Become aware of where you are feeling insecure professionally. What are your fears? Where is the anxiety? Write down whatever comes to mind. Do not judge what you write. Simply explore what may be there.
Do you find yourself wanting to unnecessarily protect others from pain that could lead to productive growth and change? Have people accused you of being an “Enabler?”
Do you find yourself compromising more than you like in situations? Do these compromises involve extreme generosity and sacrifice that leave you disappointed and lack the results you need to move forward?
Are you so non-confrontational that you tolerate being treated unfairly and even exploited?
Do you find yourself unable to take decisive actions because of fear and worry? Do you suffer from constant anxiety because of it?
Do other people feel that you will only act out of self-gratification and pursuit of personal happiness? Is your personal comfort so important that you have settled for mediocrity?
Take time to really define who you are designed to be. What are you designed to do? What are you not designed to do? Clearly define your boundaries and make a commitment not to sacrifice beyond them.
Using the above exercise as a foundation, identify where you have been wounded. Give yourself permission to be honest. You have to accept the current reality that you are hurt and that is OK.
Again, using the first exercise, try and identify your niche. Recognize that you have been given a very special skill set to solve very specific problems. What do you feel you could really focus on and be effective professionally and personally?
How can you help others find their own niche? Look for individuals in your life that need to be compassionately accepted to become who they were designed to be.
Make a list of areas in your life where you have been treated unfairly, yet you have been true to who you are despite the injustice. Also, clearly document where you were “compensated” despite the pain. In other words, how did it work out for the best? Take a moment to celebrate those situations and analyze why you were still successful.
Make a conscious choice to operate at all times without opening yourself for resentment or bitterness. Live with an expectation that despite what others are capable of, things will work out and you will see the bright side of any situation.
Find an individual, preferably a mentor or a group, to stay accountable to during this process. Remember the IAF needs to pay attention to principles. So find a mentor that specializes in teaching principles over emotion. Ask yourself three questions and share your plans:
Spend some regular time every week considering the following about being an IAF.

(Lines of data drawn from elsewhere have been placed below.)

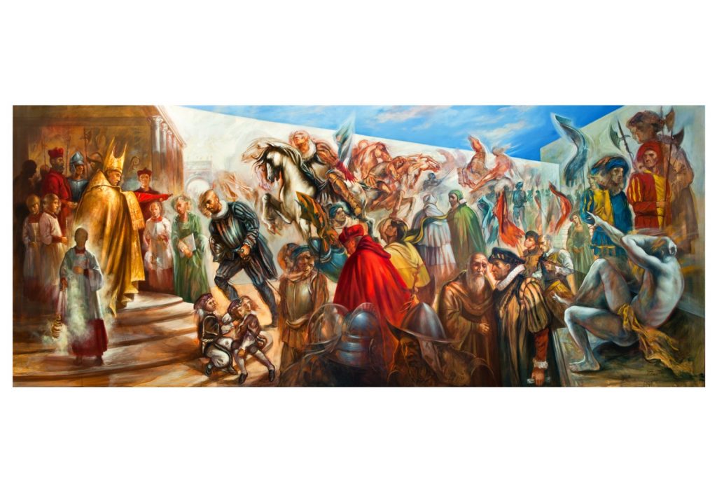 Ciclo pittorico collocato in modo permanente nell’antico palazzo cinquecentesco del Comune di Marino dove i Colonna vissero, oggi sede del Municipio. Il progetto, realizzato dallo scultore e pittore Stefano Piali è iniziato tre anni fa e inserito nei Percorsi per le Competenze Trasversali e l’Orientamento (PCTO)del Liceo Artistico Amari-Mercuri di Ciampino/Marino dove Piali ha insegnato fino al 2023 discipline plastiche e scultoree. Il titolo “Viaggio nella Storia dei Colonna” rivela il nesso della cittadina laziale con alcuni episodi storici strettamente legati ai personaggi più illustri della famiglia Colonna, signori della cittadina laziale nel Cinquecento.
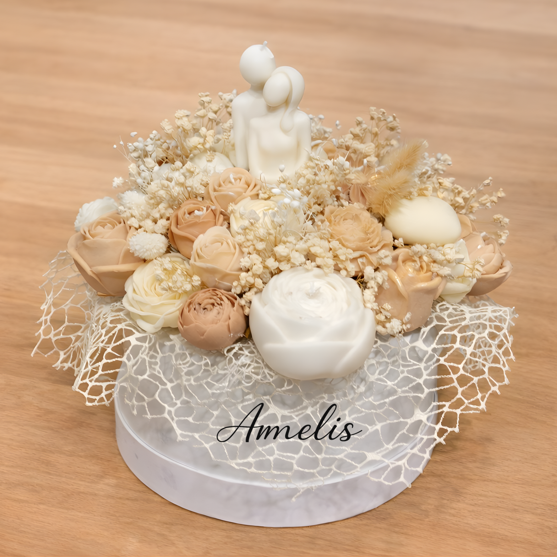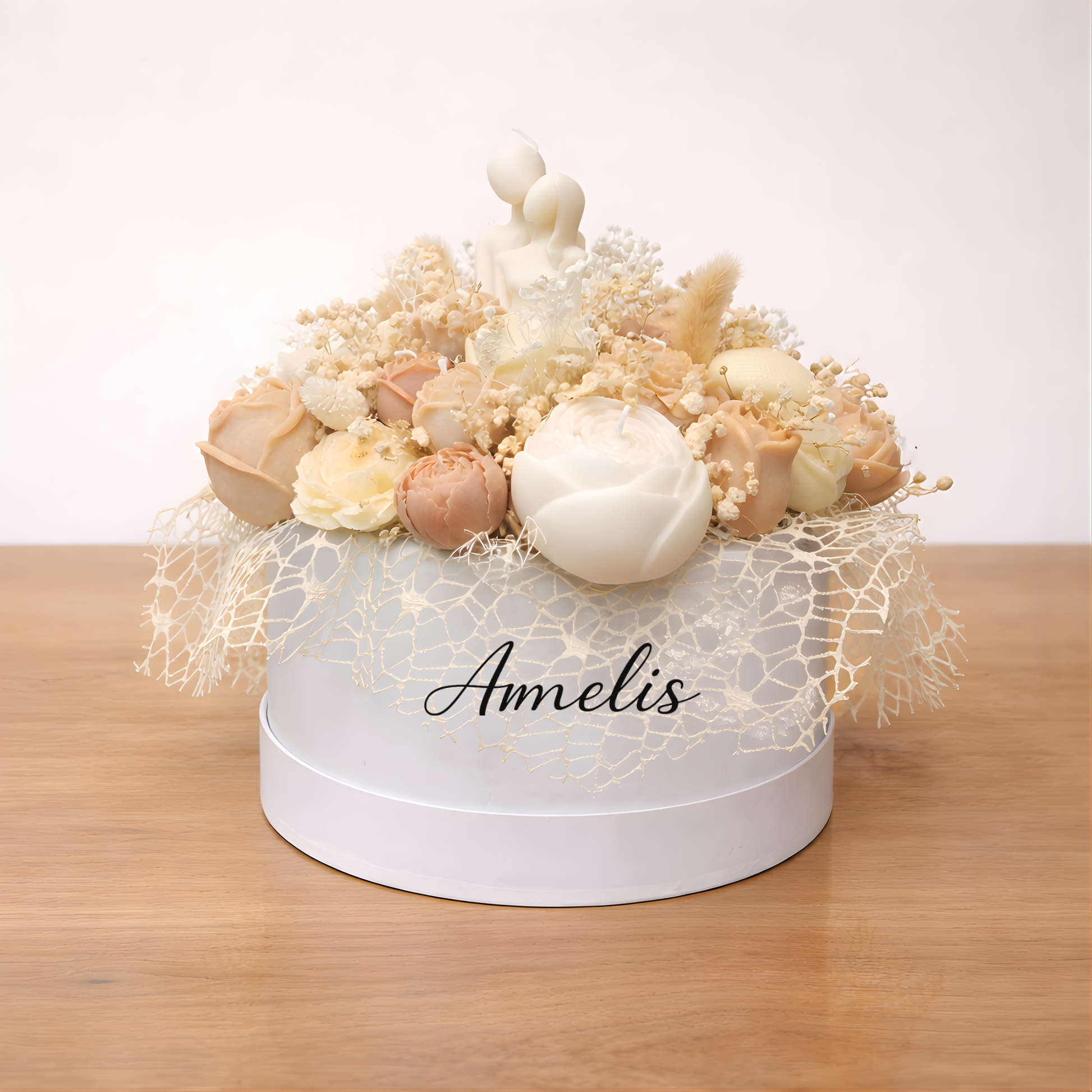 Η σύνθεση περιλαμβάνει χειροποίητα κερινά λουλούδια σε αρμονικούς τόνους και κεντρικό κερινό στοιχείο ζευγαριού, τοποθετημένα σε κομψό κουτί.
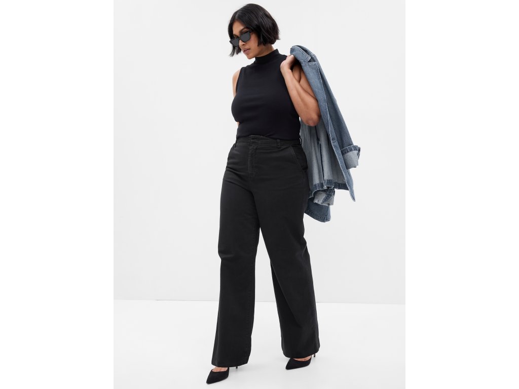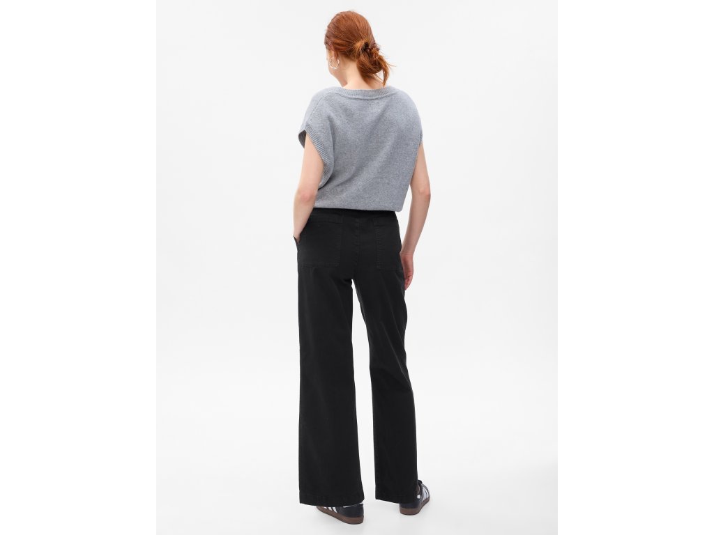 - Dámské khaki kalhoty z měkké bavlny přinášejí pohodlí, ležérní siluetu a retro inspiraci. Středně vysoký pas (24 cm) a volný střih přes boky a stehna přechází do široké nohavice, která vytváří stylový vzhled. Skryté zapínání na háček a zip zachovává hladkou linii pasu. Praktické přední šikmé kapsy a zadní našité kapsy doplňují funkční provedení. Součást programu Washwell™, který šetří vodu při praní. Vyráběno v továrně zapojené do iniciativy P.A.C.E. – vzdělávacího programu podporujícího ženy v oděvním průmyslu. Modelky ve velikosti 27 měří 172–180 cm, mají pas 60–66 cm a boky 84–97 cm. Modelky ve velikosti 33 mají pas 86–91 cm a boky 114–127 cm.
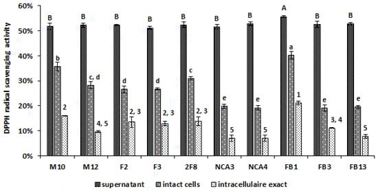 DPPH free radical scavenging activities by supernatants, intact cells and intracellular extract of Lactobacillus strains. Each rate was expressed as mean and standard errors are shown. Means within a column with different (number, lowercase and uppercase) letters are significantly different (p < 0.05) using one-way ANOVA with Tukey test for pairwise comparisons.

You are a masterpiece. You have a calling that belongs to you and you alone. But until you live that calling, you will not feel fulfilled. The gift of fulfillment is in knowing exactly what you were called to do and not compromising whom you are to do it. This is the essence of true fulfillment. Remember, fulfillment and happiness are not the same.

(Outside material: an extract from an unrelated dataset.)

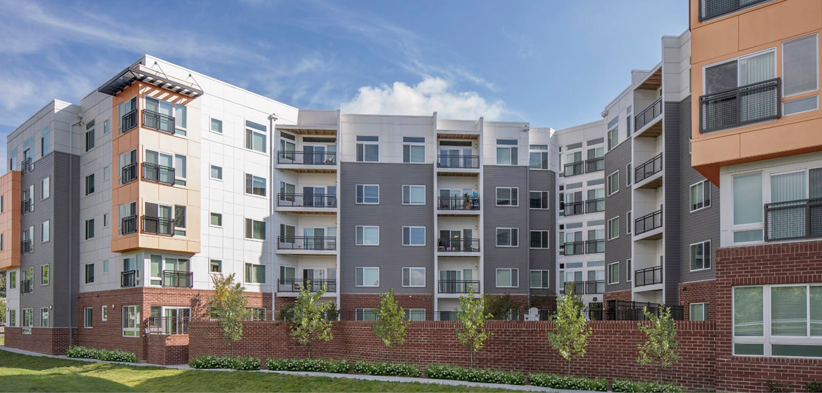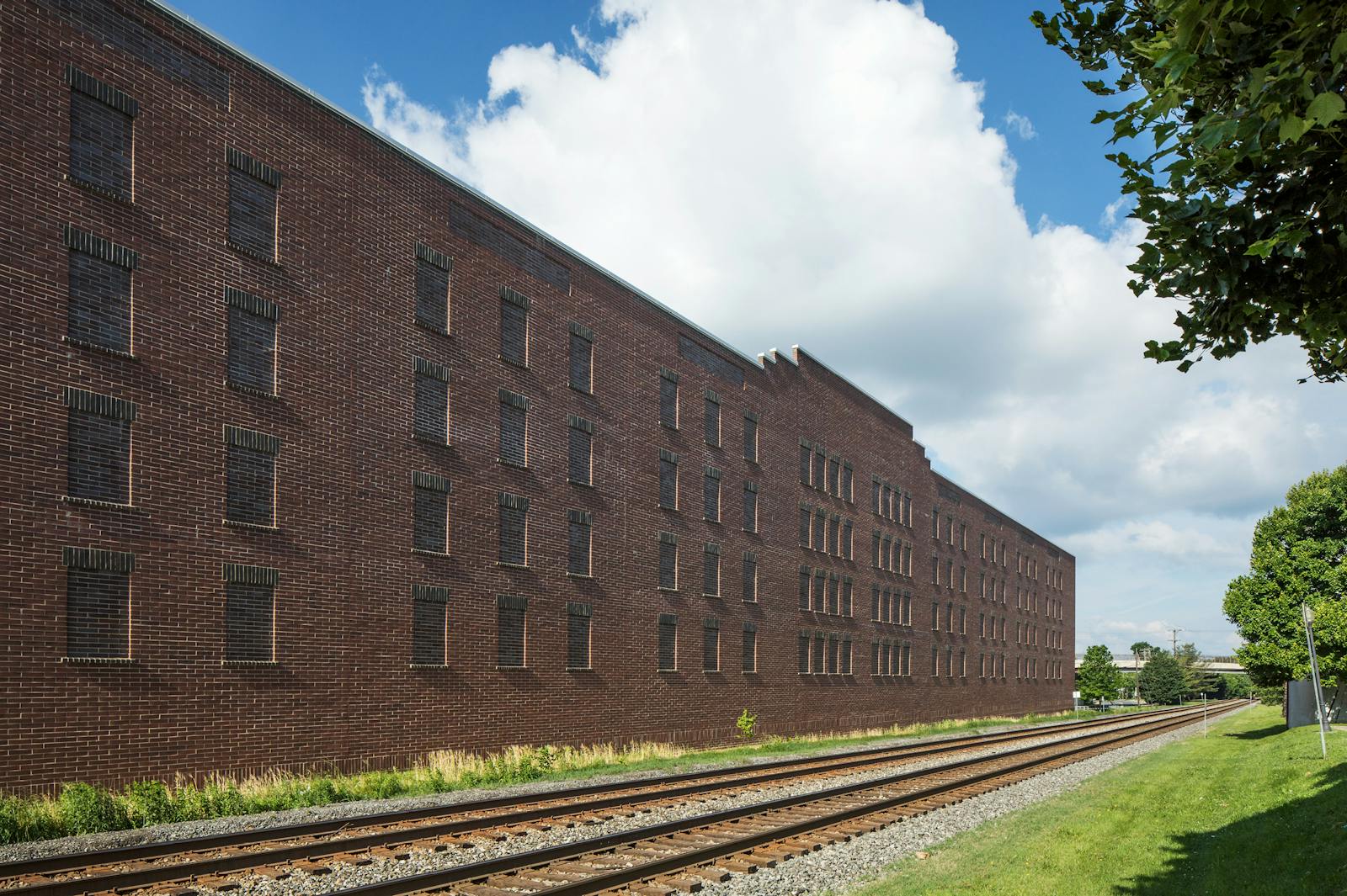 The north façade, located just 30 feet from the CSX rail line, is new construction that thoughtfully recalls the industrial language of historic northeastern warehouses. To address the proximity to active tracks, the building incorporates extensive soundproofing to ensure acoustic comfort for residents.
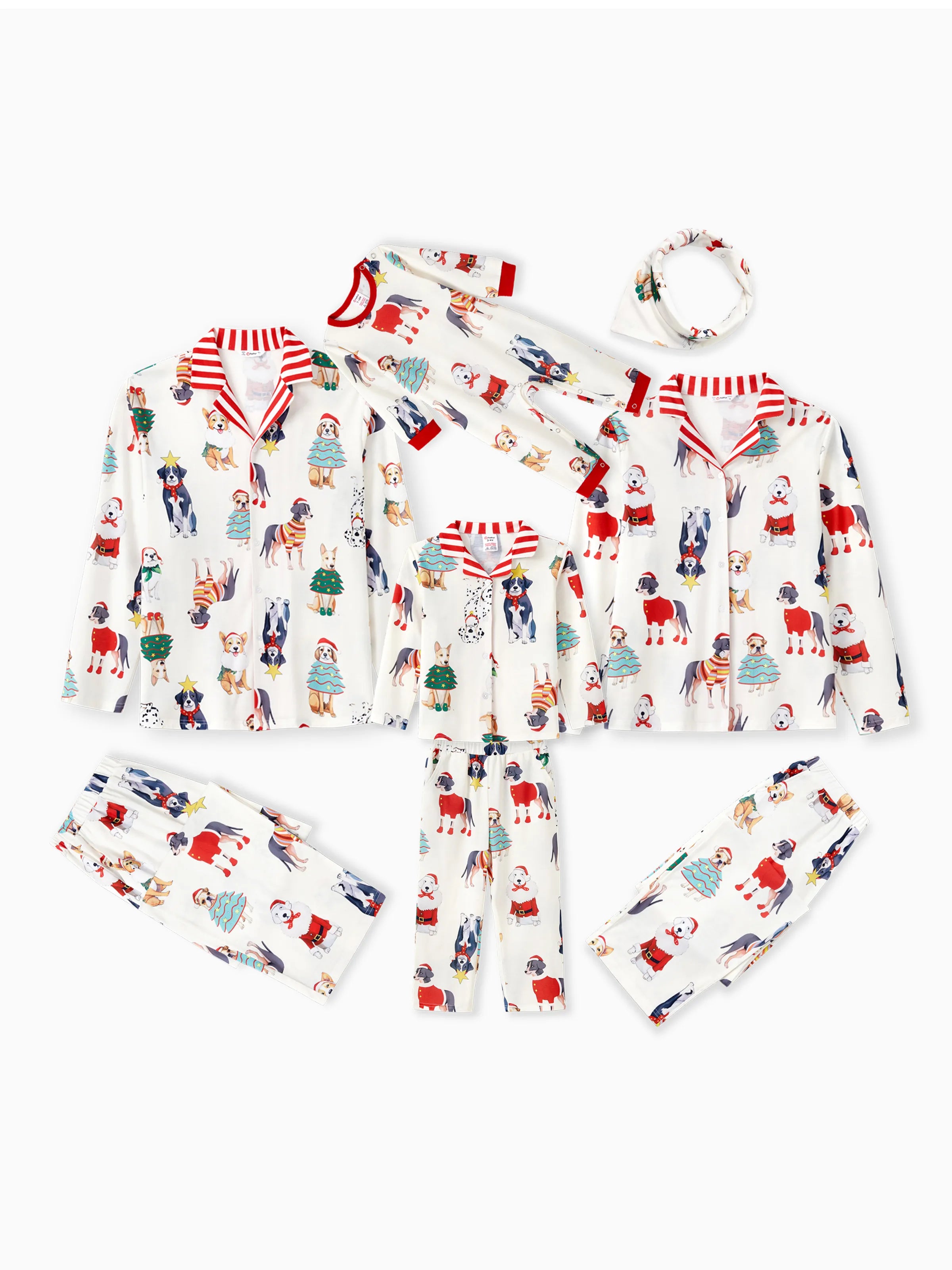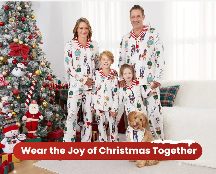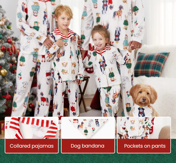 Procurez-vous un pyjama de Noël familial assorti, orné d'un imprimé chien festif et d'un bandana. Renforcez les liens familiaux et créez des souvenirs inoubliables.

Just because you look or feel unhappy does not mean you are not on the path to fulfillment. Popular culture wants to define happiness as the absence of problems (or the ability to pay someone to make them go away). The primary goal of Life is not your happiness and it is not making others happy either.

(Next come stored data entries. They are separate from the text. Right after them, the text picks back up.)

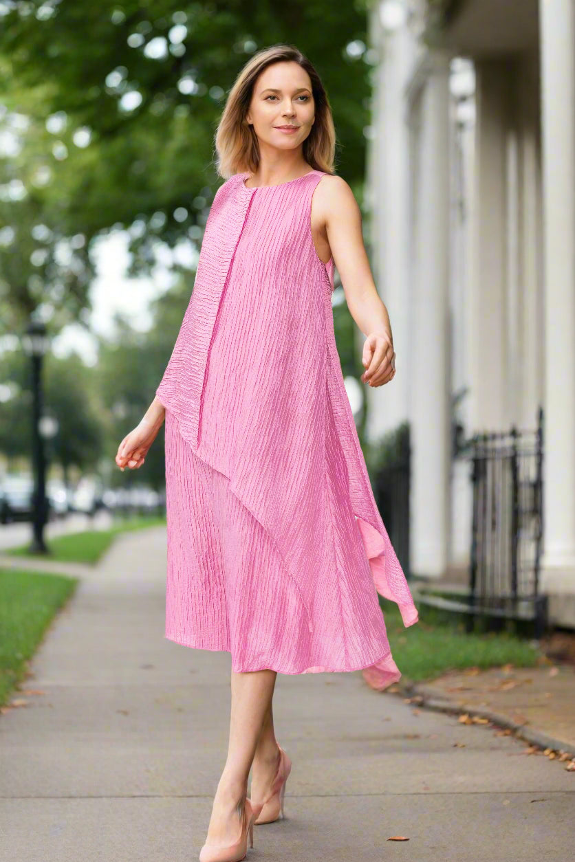 Sleeveless Crinkle Dress with Asymmetrical Layer
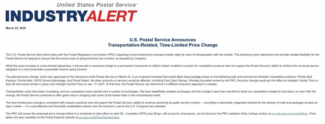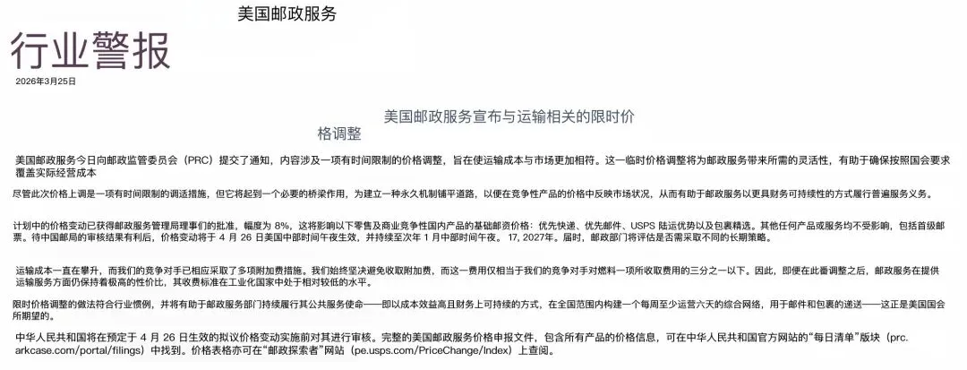 2026年3月25日,美国邮政(USPS)干了一件自己历史上从没干过的事:向邮政监管委员会(PRC)提交了一份限时价格调整方案,打算从4月26日开始,给部分国内竞争性业务涨8%的价,而且这波涨价不是永久的,一直持续到2027年1月17日,妥妥的“临时加价”操作。
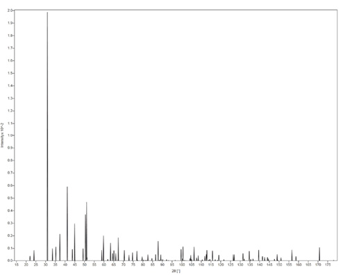 Figure 1. Simulated powder pattern of dolomite. This can be one of the individual patterns provided to students.
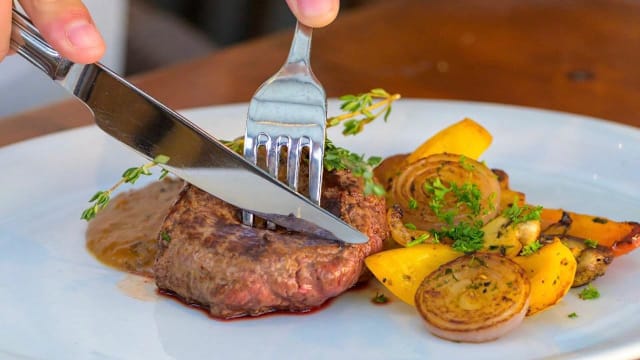 Malse 200gr kogelbiefstuk met pepersaus, friet, groente en salade
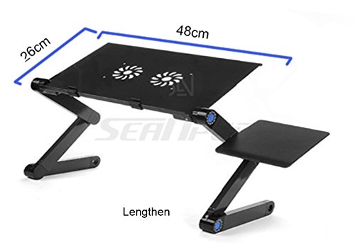 Peso leggero, vassoio di alluminio ad alta resistenza, robuste gambe completamente regolabili - rende il trasporto facile e tiene il computer fermo e stabile. Rotazione di 360 gradi e si blocca in varie angolazioni. Si piega facilmente diventando trasportabile.

Whether you have no problems, have nothing but problems, are happy or feel absolutely miserable, there is always a calling to fulfill. The only way to truly walk the pathway of fulfillment is to embrace what Life gives you and live it to the fullest. Of course, there will be challenges. You are designed to recognize the challenges for what they are, learn the necessary principles and skills to face those challenges and finally be content and enjoy Life while navigating through it all.